Repeat the lines from the one containing "10月22日下午,由校团委和" through the last line of the data, exactly, pictures omitted.

Stored records:
--- START ---
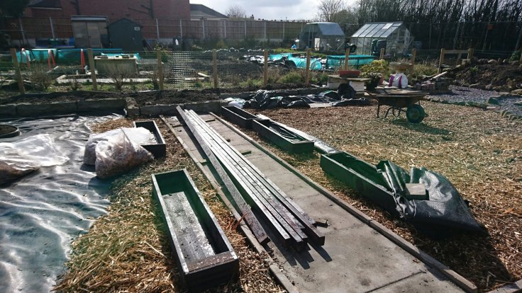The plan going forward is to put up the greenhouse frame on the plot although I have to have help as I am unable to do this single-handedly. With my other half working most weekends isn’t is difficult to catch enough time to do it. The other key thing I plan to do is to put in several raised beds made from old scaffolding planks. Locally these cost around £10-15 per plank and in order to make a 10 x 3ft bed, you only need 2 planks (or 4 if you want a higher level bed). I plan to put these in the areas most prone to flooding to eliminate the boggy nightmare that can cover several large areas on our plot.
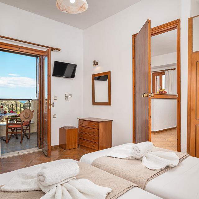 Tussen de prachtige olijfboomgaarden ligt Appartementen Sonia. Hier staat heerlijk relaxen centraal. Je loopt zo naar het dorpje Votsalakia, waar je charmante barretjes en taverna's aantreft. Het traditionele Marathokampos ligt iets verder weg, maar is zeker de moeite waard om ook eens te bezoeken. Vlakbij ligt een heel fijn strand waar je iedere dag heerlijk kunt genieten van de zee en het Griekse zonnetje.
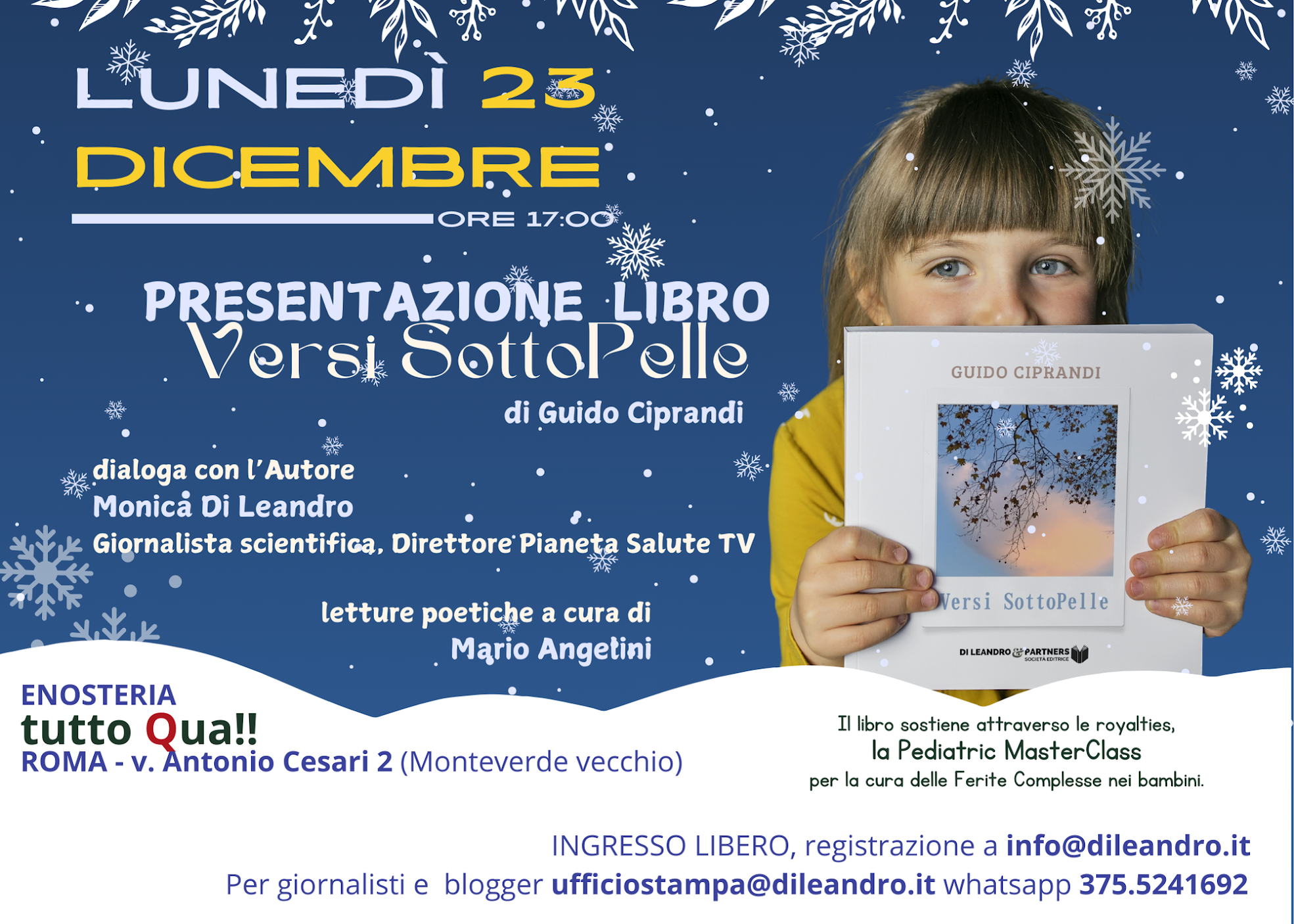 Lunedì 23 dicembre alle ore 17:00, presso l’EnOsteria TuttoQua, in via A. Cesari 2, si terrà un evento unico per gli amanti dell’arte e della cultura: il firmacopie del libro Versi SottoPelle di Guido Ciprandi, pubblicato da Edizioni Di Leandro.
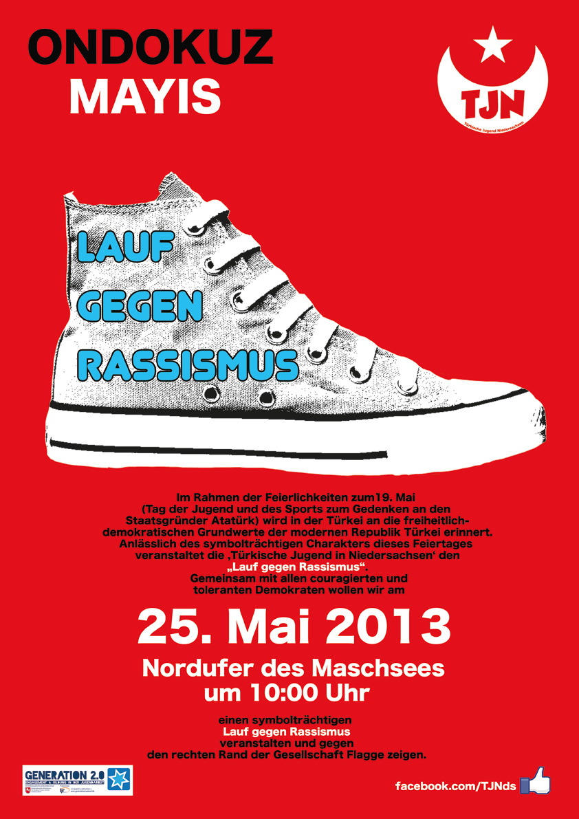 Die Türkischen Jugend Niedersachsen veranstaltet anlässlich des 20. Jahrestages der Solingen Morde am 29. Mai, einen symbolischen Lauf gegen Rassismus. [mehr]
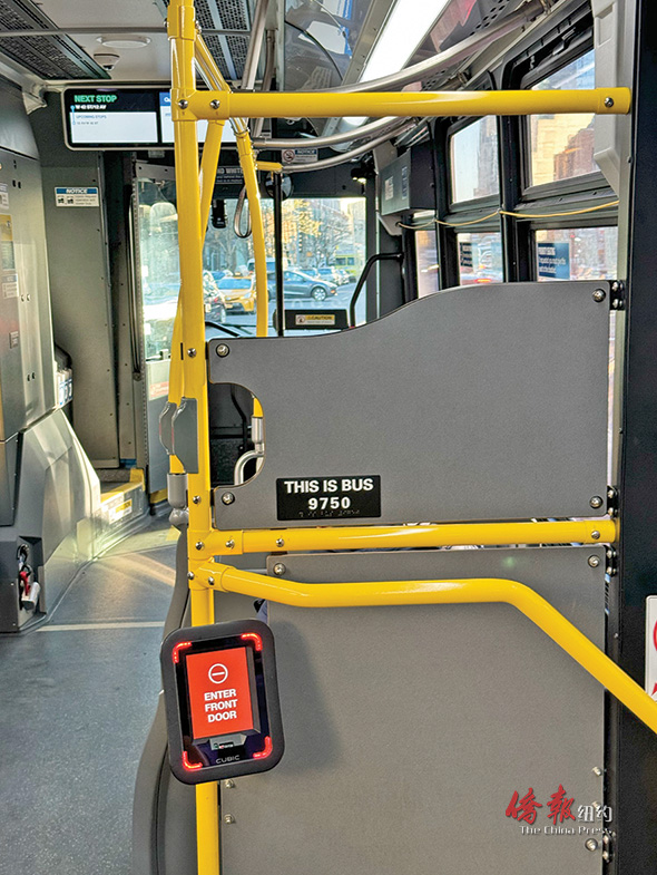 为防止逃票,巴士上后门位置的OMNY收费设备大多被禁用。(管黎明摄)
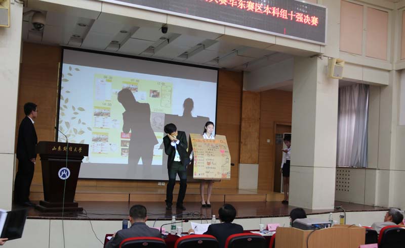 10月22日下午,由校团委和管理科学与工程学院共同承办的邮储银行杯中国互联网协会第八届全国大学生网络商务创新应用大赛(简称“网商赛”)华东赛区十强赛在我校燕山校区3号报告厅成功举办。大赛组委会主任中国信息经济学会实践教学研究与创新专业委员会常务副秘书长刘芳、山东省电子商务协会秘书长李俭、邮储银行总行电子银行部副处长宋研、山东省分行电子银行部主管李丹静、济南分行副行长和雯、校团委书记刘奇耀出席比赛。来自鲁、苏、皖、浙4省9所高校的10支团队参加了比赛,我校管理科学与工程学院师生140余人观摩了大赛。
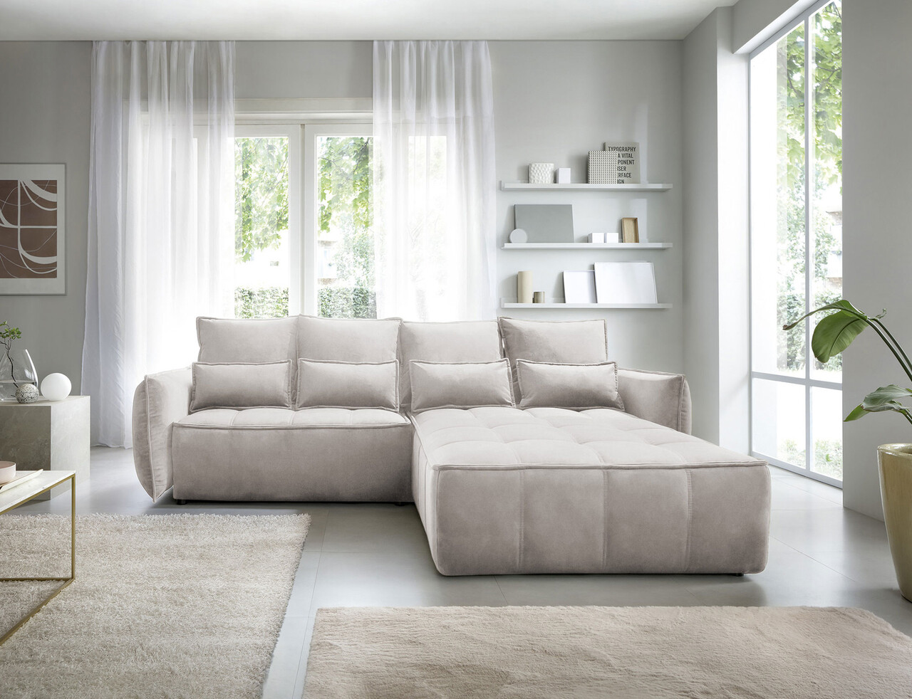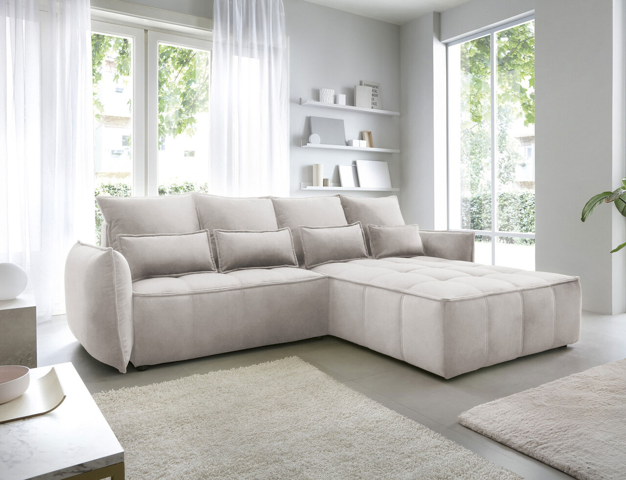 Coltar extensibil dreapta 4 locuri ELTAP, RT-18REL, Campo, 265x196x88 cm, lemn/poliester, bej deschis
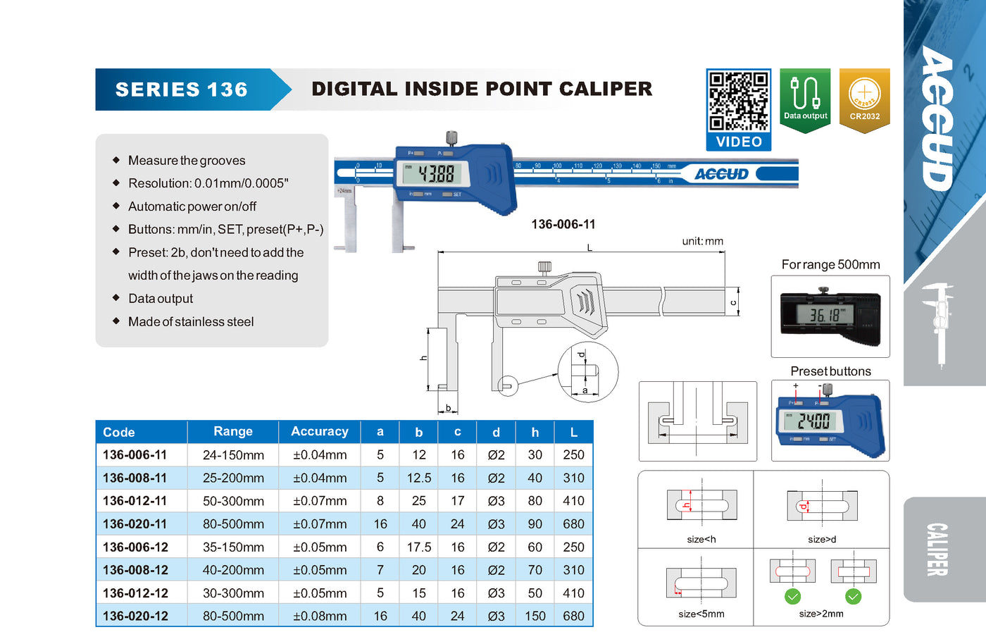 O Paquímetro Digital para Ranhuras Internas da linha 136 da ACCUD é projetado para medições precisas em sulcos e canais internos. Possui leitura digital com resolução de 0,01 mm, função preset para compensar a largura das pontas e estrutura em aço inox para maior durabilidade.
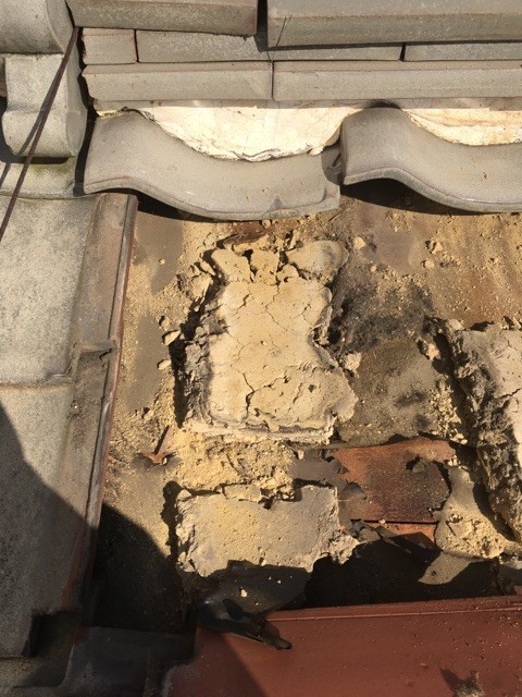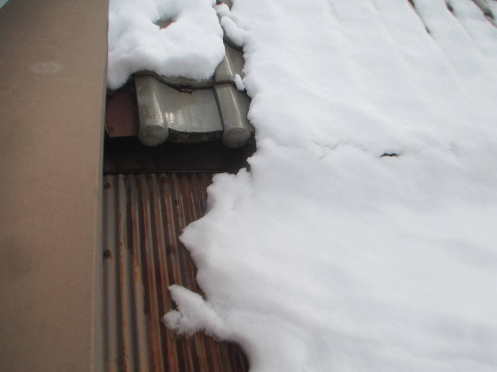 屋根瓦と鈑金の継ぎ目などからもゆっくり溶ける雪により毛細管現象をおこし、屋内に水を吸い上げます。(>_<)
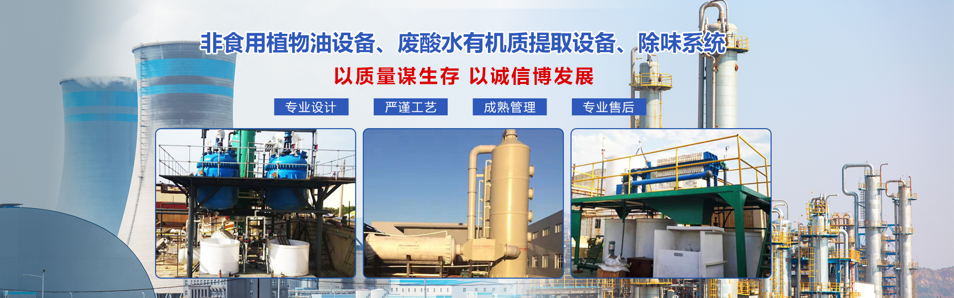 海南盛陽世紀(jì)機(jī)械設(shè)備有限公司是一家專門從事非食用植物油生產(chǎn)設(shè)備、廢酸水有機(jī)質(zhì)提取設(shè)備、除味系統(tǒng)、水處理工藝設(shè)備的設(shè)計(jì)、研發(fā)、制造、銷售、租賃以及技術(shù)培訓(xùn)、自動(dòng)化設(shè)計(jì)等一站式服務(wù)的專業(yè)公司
--- END ---
Written response:
 10月22日下午,由校团委和管理科学与工程学院共同承办的邮储银行杯中国互联网协会第八届全国大学生网络商务创新应用大赛(简称“网商赛”)华东赛区十强赛在我校燕山校区3号报告厅成功举办。大赛组委会主任中国信息经济学会实践教学研究与创新专业委员会常务副秘书长刘芳、山东省电子商务协会秘书长李俭、邮储银行总行电子银行部副处长宋研、山东省分行电子银行部主管李丹静、济南分行副行长和雯、校团委书记刘奇耀出席比赛。来自鲁、苏、皖、浙4省9所高校的10支团队参加了比赛,我校管理科学与工程学院师生140余人观摩了大赛。
 Coltar extensibil dreapta 4 locuri ELTAP, RT-18REL, Campo, 265x196x88 cm, lemn/poliester, bej deschis
 O Paquímetro Digital para Ranhuras Internas da linha 136 da ACCUD é projetado para medições precisas em sulcos e canais internos. Possui leitura digital com resolução de 0,01 mm, função preset para compensar a largura das pontas e estrutura em aço inox para maior durabilidade.
 屋根瓦と鈑金の継ぎ目などからもゆっくり溶ける雪により毛細管現象をおこし、屋内に水を吸い上げます。(>_<)
 海南盛陽世紀(jì)機(jī)械設(shè)備有限公司是一家專門從事非食用植物油生產(chǎn)設(shè)備、廢酸水有機(jī)質(zhì)提取設(shè)備、除味系統(tǒng)、水處理工藝設(shè)備的設(shè)計(jì)、研發(fā)、制造、銷售、租賃以及技術(shù)培訓(xùn)、自動(dòng)化設(shè)計(jì)等一站式服務(wù)的專業(yè)公司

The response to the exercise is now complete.